12/Брейгель - страница 12




Доктор Розенберг.

Ваш Дагоберт был дурной актёр, согласитесь.


Прекрасная Дама.

Да что Вы, Доктор. Вы просто ничего в этом не понимаете. Актёр превосходный, умный. Мешал ему этот его южный харьковский выговор. Он часто комкал слова.


Доктор Розенберг.

Я видел его Тузенбаха. Он точно изобразил сам себя. Бароном больше, бароном меньше – не всё ли равно! Если хорошо играть себя – актёрское достоинство, то значит, Вы правы и он таки неплох.


Прекрасная Дама.

Вообще говоря, он не был красив. Но тело, тело! Такое удлинённое, гибкое, сильное. Движения молодого хищника. Полная противоположность гипсовому блоку. И какая обаятельная улыбка! Два ровных ряда зубов. Альпийской белизны.


Доктор Розенберг.

Зубы исчезнут от нынешней цинги. В Петрограде уже давно нет ни одного мандарина, не говоря уже о лимоне. А беззубый паж вам не понадобится.


Прекрасная Дама.

Вдруг выяснилось, что и во мне, и в нём бурлит молодая кровь. Я никогда не знала прежде, как это бывает. Ни с одним из любовников и тем более – с Блоком. Саша никогда не был теплокровным животным. Мой отец сказал бы, что такие существа не относятся к классу млекопитающих. А млекопитающие – то же самое, что звери. Мужчина должен быть хоть немного зверем, иначе неинтересно. Даже если ты старуха почти что сорока лет.


Старуха.

Всякая молодая тварь хочет назвать себя старухой. Старость надо ещё заслужить. Она не отдаётся бесплатно.


Прекрасная Дама.

В тот день, после репетиции и обеда, в немногие оставшиеся до спектакля часы, мы сидели в моём маленьком гостиничном номере, на пыльном диванчике. Было уже темно, на потолке горела электрическая лампочка – убогая, простенькая. И в этот прямо момент я захотела стать Венерой Джорджоне. Ну или Тициана, всё равно. Или Олимпией прошловечного Мане. Я сняла с себя всё и распустила свой плащ золотых волос, всегда лёгких, волнистых, холёных. Отбросила одеяло на спинку кровати. Гостиничную стенку я всегда завешивала простынёй, также спинку кровати у подушек. Я протянулась на фоне этой снежной белизны и знала, что контуры тела еле-еле на ней намечаются, что я могу не бояться грубого, прямого света, падающего с потолка. Когда паж Дагоберт повернулся…


Доктор Розенберг.

Александр Александрович не вернётся прямо сейчас?


Прекрасная Дама.

Началось какое-то торжество, вне времени и пространства. Помню только его восклицание: «А-а-а… что же это такое?» Помню, что он так и смотрел издали, схватившись за голову, и только умолял иногда не шевелиться… Сколько времени это длилось? Секунды или долгие минуты? Большего блаженства я не знала ни до, ни после.


Доктор Розенберг.

И вы оставили ребёнка – против ужаса материнства?


Прекрасная Дама.

Я спасовала, я смирилась. Против себя, против всего моего самого дорогого. Томительные месяцы ожидания. С отвращением я глядела, как уродуется тело, как грубеют мои маленькие груди, как растягивается кожа живота. Я не находила в душе ни одного уголка, которым могла бы полюбить гибель своей красоты. Каким-то поверхностным покорством готовилась к встрече ребёнка, готовила всё, как всякая настоящая мать. Даже душу как-то приспособила.
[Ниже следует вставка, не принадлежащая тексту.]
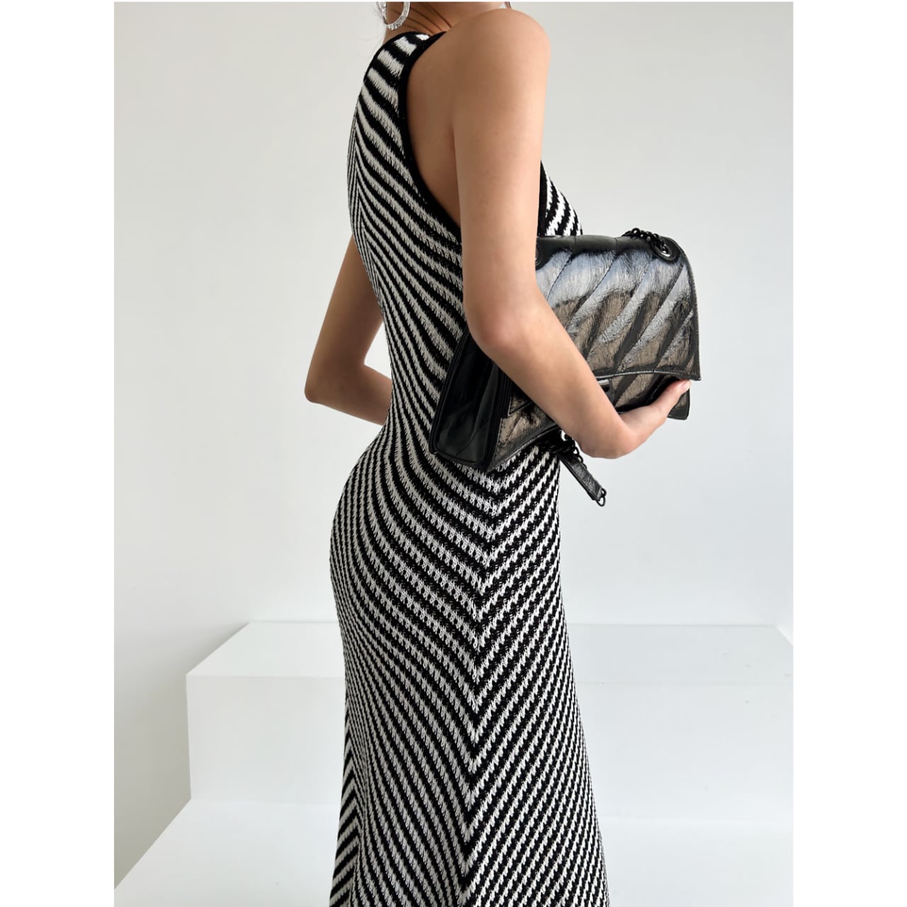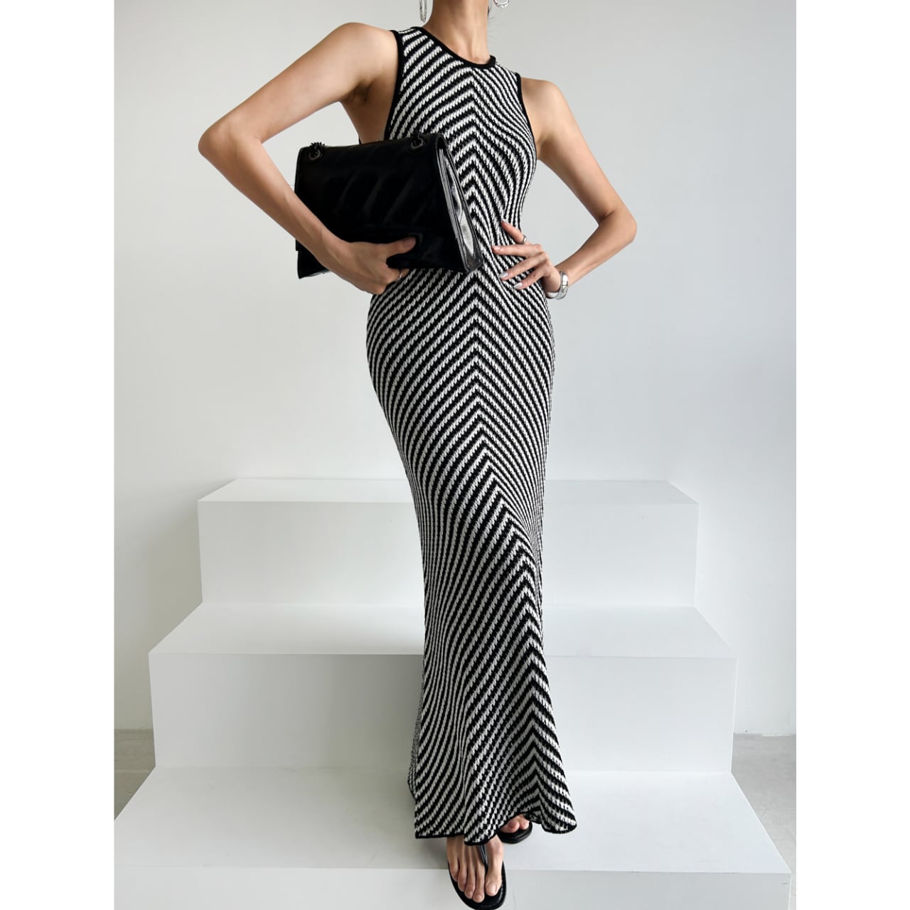 ・魅力的な黒と白のコントラストが目を引くノースリーブニットワンピース!シンプルでありながらスタイリッシュなデザインは、多様なシーンで活躍すること間違いなし。柔らかなニット素材を使用しており、快適な着心地を提供します。

Я была одна, совершенно одна. Мама и сестра – в Париже. И даже свекровь – в Ревеле. Как бы она ко мне ни относилась, она бы помогла. Саша был рядом, но вы же понимаете, что такое его рядом.


Доктор Розенберг.

Как врач скажу вам, что этот ребёнок не мог не умереть. Он не был нужен никому ещё до рождения. Детей нельзя рожать из безысходности. Но если бы он родился – о, тогда бы вы страху натерпелись. Он, такой весь чуждый и нежеланный, точно вырос бы в революционера-головореза. Или наркомана без шансов. И сдал бы вас Чрезвычайной Комиссии, чтобы вселиться в вашу квартиру с подругой-алкоголичкой.